I hate watching TV with my husband at night. He likes to turn on Criminal Minds before we go to bed. He falls asleep in the middle of the show, and I am left awake and scared out of my wits. I know I should change the channel to a sitcom or the Cartoon Network, but that damn show just draws me in.
In addition to the lack of sleep that this show produces, I also have developed a keen sense of paranoia. Allow me to give you an illustration. Not too long ago, my husband decided to go to bed early because he had umpired a game after work, and he was beat. The dogs followed him upstairs to our room. My daughter was on her cell phone in her bedroom. Being alone downstairs in the family room, I decided to lock the backdoor and head up to the kitchen to make lunches for the following day. I was just bopping around, singing to myself as I sloshed mustard on sandwiches when I heard the backdoor alarm beep and the alarm voice said, “Backdoor open”.
“Hm, that is strange,” I said aloud. Yes, I said this aloud because if it was a burglar coming through my door, I wanted him or her to know someone was awake in case they didn’t hear the dulcet tones of my singing voice. I called out my husband’s name, but still got no response. Then, I saw the dogs in the family room staring into the laundry room where the backdoor is.
A feeling of utter panic set in. I grabbed my butter knife which was still covered in mustard and ran up to my daughter’s bedroom and said in a whisper,
“Is Dad still asleep?”
“Yeah, I guess. What are you doing with a butter knife?”
“Stay in your room and lock the door. Be ready to call the police.”
“What are you talking about?”
I didn’t waste time answering her question. I pulled her door shut and tiptoed back downstairs. I peeked down the steps of the family room and saw a shadowy figure. The dogs were still down there staring into the laundry room. Then, the figure came out, and I saw that it was my husband. And he said,
“What are you doing with a knife?”
To which I responded – actually, I can’t tell you what I responded because my response involved a lot of the “F” word.
“You thought I was a burglar and you were going to come after me with a butter knife? What were you going to do –mayonnaise me to death?”
Again, I let him have it with a few expletives. I truly did not think this was the time to be poking fun at me.
“It’s mustard. Why the hell didn’t you answer me? I thought you were asleep, and I called your name. I heard the alarm.”
“LuLu wanted to go out so I took her out the backdoor and Frankie followed. I guess you didn’t hear me over your singing.”

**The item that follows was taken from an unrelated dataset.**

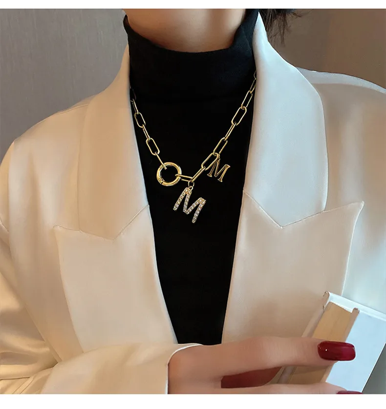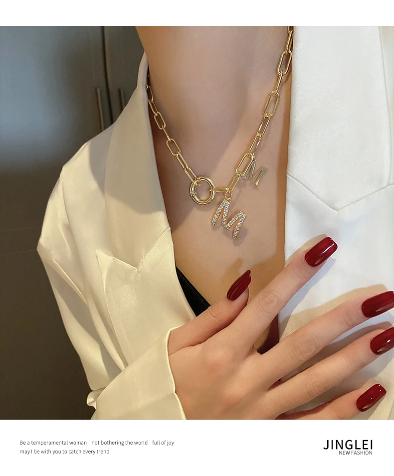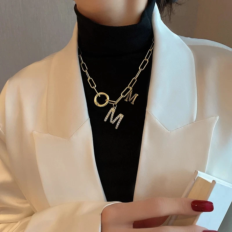 Женская короткая цепь в стиле панк, толстая короткая цепь в стиле хип-хоп с буквой M, корейская бижутерия, подвеска на шею, 2021

I guess he was just in the mood to be cursed at. I admit that in hindsight, I should have realized the dogs were not barking and the alarm was disabled after it initially sounded, but I was not thinking about logical explanations. I was thinking about the one hundred or so Criminal Minds episodes where the serial killer gets in the house by the backdoor and slaughters everyone. Anyway, this entire incident occurred because that show is the last show I watch before I go to sleep. This wouldn’t happen if I got control of the remote and put on shows like I love Lucy or even Family Guy. No, I watch shows that star predatory monsters whose only goals are to kill innocent people.
So, my husband and daughter enjoyed zinging me with butter knife jokes for a few days and then we settled back into our normal routine. For the record, no one remarked at how brave I was to check out the situation while protecting my family as best I could with the tools I had at my disposal. I gather I would have looked tougher if I grabbed steak knife or perhaps the ginsu knife. Honestly, I thought about the ginsu knife – but I didn’t know if human blood and guts would ruin it, and I love that knife.
Did I learn anything from this experience? Yes. I learned my family sucks in tense situations, and that butter knives are not a great weapon in the fight against crime. Oh well, I guess I will have to start cutting my sandwiches with a hatchet. That should keep criminals away.